START SUPPLIED MATERIAL

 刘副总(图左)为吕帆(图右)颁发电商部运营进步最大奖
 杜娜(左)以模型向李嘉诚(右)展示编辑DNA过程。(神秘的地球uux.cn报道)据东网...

END SUPPLIED MATERIAL
START SUPPLIED MATERIAL

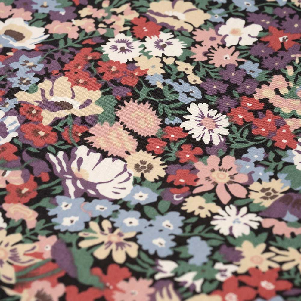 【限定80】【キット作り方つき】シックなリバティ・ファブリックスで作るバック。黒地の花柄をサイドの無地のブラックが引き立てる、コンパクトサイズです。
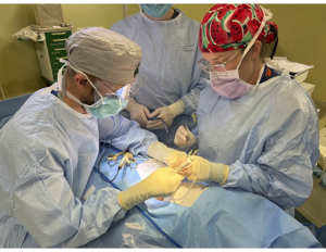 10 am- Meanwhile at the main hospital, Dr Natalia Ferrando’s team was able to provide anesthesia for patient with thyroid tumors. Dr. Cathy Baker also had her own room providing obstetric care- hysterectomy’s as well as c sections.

END SUPPLIED MATERIAL
START SUPPLIED MATERIAL

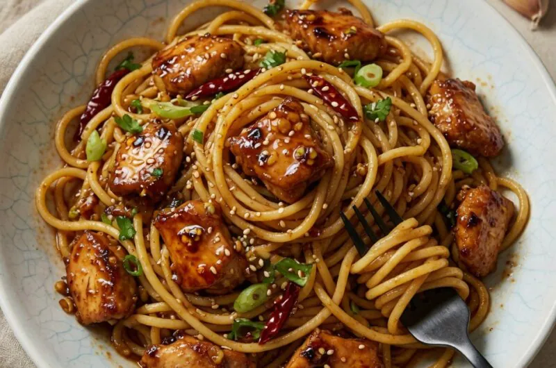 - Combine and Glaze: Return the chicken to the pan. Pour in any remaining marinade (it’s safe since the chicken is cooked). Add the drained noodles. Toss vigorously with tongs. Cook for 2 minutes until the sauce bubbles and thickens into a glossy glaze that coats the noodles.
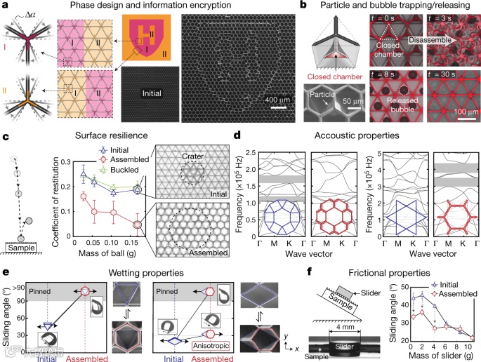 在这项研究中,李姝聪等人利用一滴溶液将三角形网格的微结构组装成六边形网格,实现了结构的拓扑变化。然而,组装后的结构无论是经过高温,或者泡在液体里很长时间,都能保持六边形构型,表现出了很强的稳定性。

END SUPPLIED MATERIAL

### [DIRECTIONS FOR THIS TASK]
Take the listing above and repeat exactly the lines from the one containing "刘副总(图左)为吕帆(图右)颁发电商部运营进步最大奖" through the one containing "杜娜(左)以模型向李嘉诚(右", both included.

### [ANSWER BOX]
 刘副总(图左)为吕帆(图右)颁发电商部运营进步最大奖
 杜娜(左)以模型向李嘉诚(右)展示编辑DNA过程。(神秘的地球uux.cn报道)据东网...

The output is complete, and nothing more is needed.